### About this exercise:
Starting at the line containing "All patient details" and ending at the line containing "Cadeira de Escritório", transcribe the listing below exactly. Keep both end lines, skip the pictures, and copy nothing else.

### Data provided:

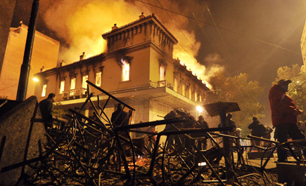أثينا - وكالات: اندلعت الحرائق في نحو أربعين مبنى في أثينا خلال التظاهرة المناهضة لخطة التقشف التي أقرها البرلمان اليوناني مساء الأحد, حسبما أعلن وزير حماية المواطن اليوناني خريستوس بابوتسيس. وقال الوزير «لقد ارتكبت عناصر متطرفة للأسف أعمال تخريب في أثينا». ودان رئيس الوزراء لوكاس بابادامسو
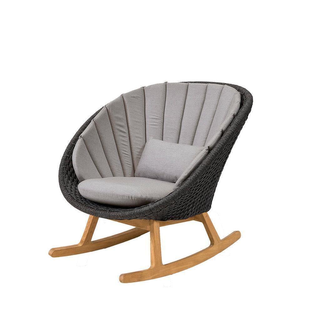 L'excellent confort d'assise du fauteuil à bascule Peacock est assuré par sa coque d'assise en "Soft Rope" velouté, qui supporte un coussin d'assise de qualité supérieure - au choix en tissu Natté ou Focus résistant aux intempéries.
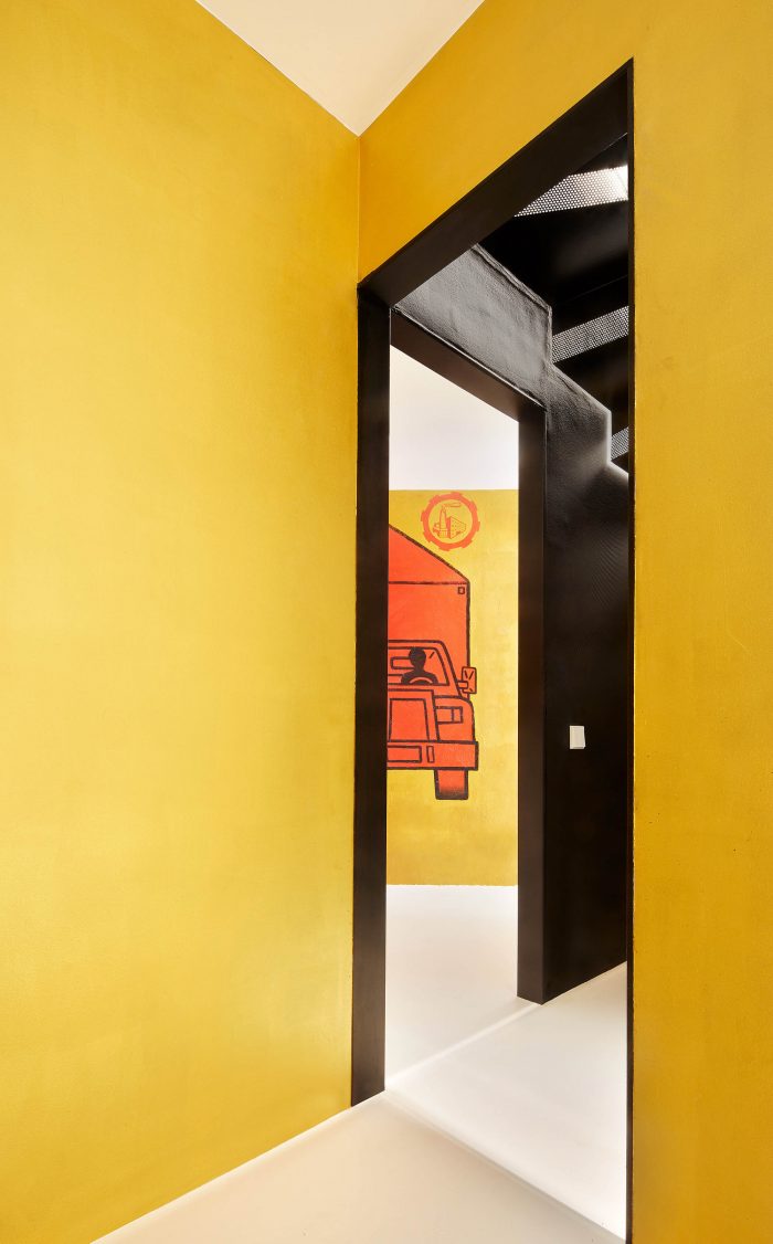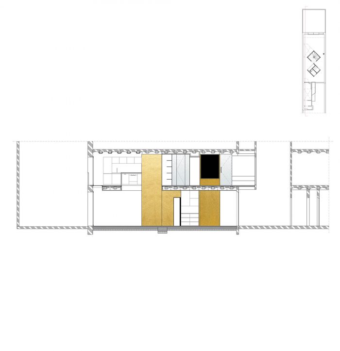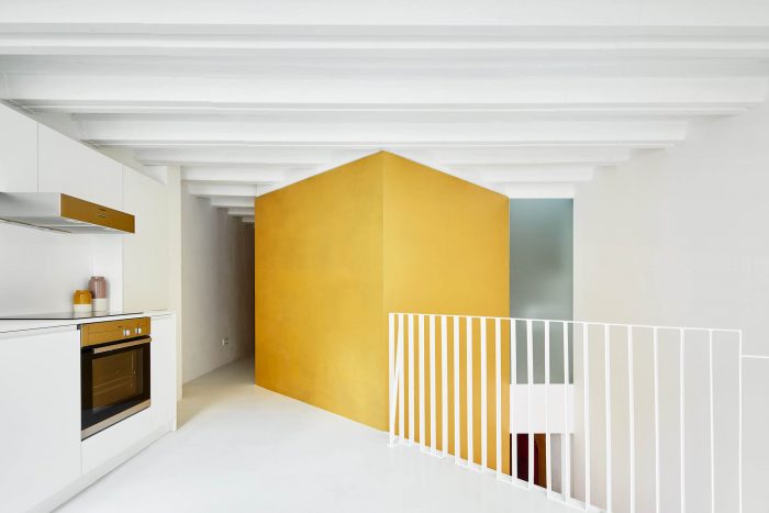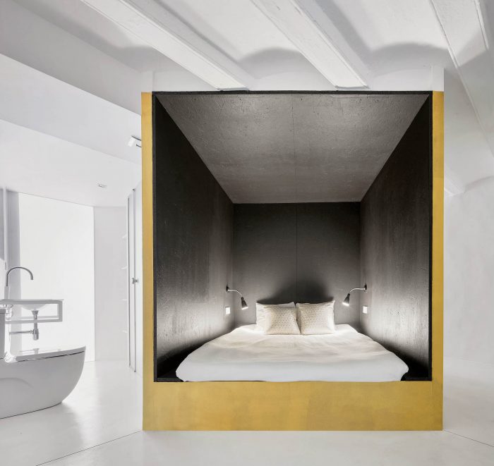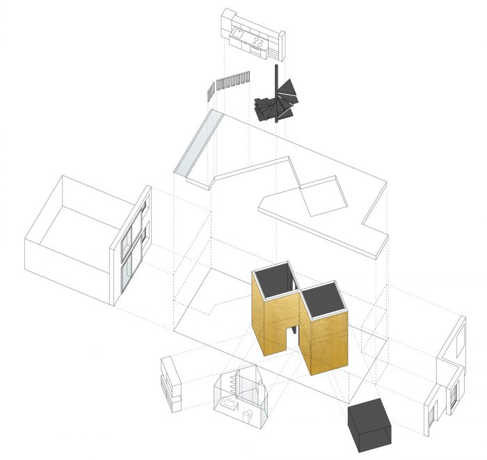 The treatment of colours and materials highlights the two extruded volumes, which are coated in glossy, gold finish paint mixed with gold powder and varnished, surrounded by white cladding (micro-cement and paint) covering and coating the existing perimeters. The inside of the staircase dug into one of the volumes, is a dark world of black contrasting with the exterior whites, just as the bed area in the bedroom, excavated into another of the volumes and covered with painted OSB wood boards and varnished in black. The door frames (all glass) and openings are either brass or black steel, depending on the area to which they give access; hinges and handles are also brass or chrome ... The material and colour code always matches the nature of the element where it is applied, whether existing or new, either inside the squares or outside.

==

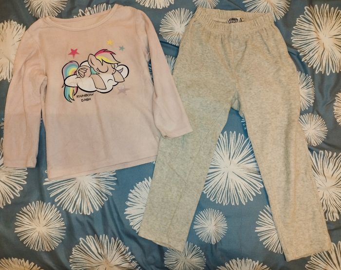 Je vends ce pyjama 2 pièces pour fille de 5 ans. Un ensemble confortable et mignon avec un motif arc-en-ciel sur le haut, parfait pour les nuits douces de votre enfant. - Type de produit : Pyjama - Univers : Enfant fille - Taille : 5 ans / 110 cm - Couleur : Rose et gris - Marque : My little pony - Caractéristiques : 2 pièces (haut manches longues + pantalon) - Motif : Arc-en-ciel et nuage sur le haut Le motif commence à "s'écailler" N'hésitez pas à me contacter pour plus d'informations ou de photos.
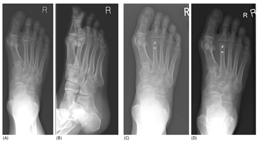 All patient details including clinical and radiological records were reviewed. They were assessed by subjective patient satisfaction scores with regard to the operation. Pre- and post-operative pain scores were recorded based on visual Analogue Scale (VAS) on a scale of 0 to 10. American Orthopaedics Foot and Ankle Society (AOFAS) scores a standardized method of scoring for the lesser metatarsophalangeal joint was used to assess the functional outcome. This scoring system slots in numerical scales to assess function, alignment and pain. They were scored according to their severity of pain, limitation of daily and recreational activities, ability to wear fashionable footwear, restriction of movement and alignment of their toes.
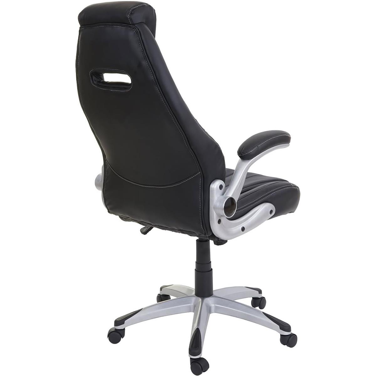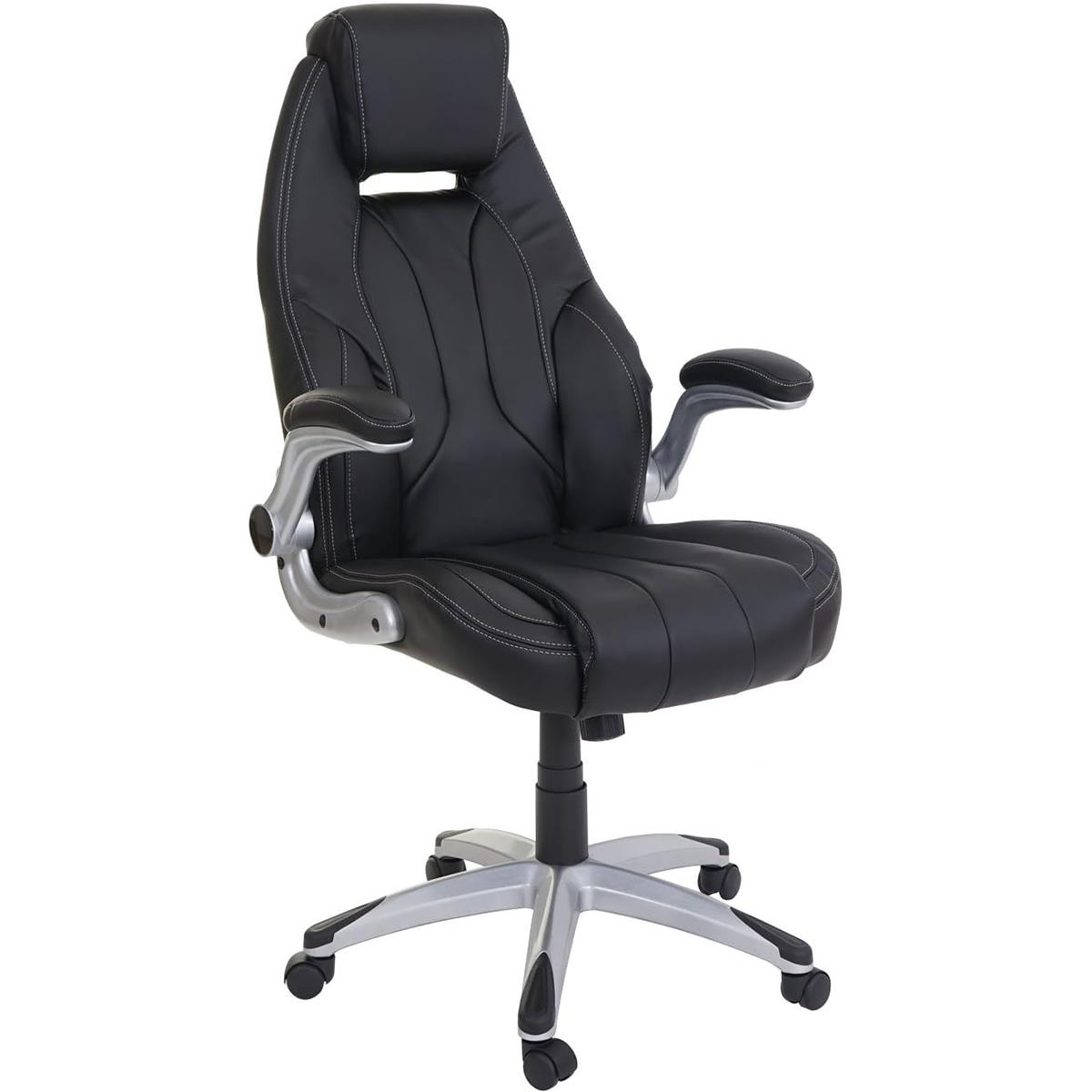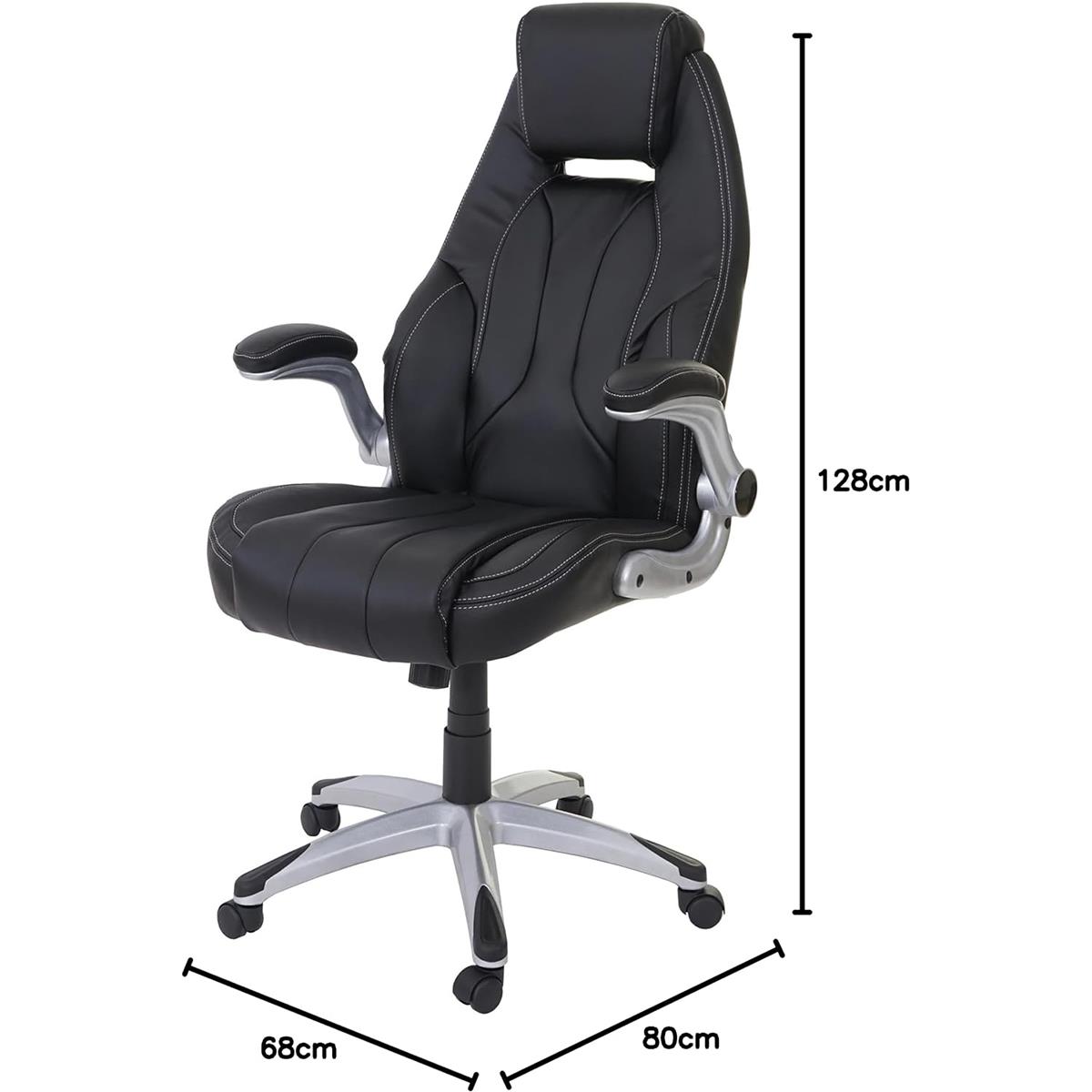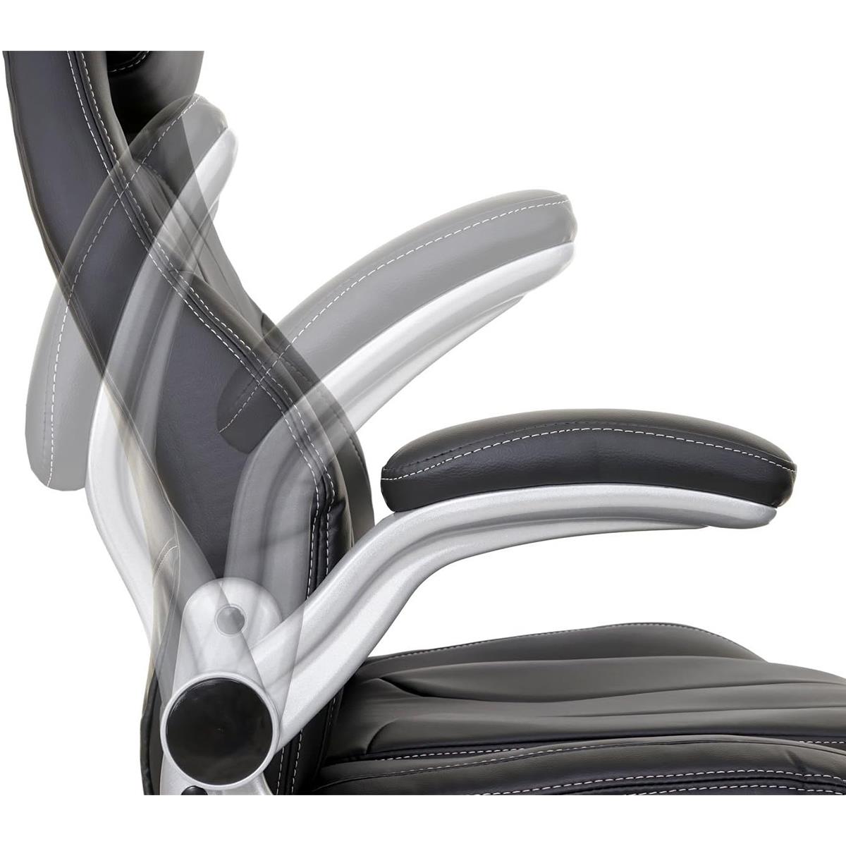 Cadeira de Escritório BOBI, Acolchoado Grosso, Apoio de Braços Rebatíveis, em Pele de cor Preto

### Result:
 All patient details including clinical and radiological records were reviewed. They were assessed by subjective patient satisfaction scores with regard to the operation. Pre- and post-operative pain scores were recorded based on visual Analogue Scale (VAS) on a scale of 0 to 10. American Orthopaedics Foot and Ankle Society (AOFAS) scores a standardized method of scoring for the lesser metatarsophalangeal joint was used to assess the functional outcome. This scoring system slots in numerical scales to assess function, alignment and pain. They were scored according to their severity of pain, limitation of daily and recreational activities, ability to wear fashionable footwear, restriction of movement and alignment of their toes.
 Cadeira de Escritório BOBI, Acolchoado Grosso, Apoio de Braços Rebatíveis, em Pele de cor Preto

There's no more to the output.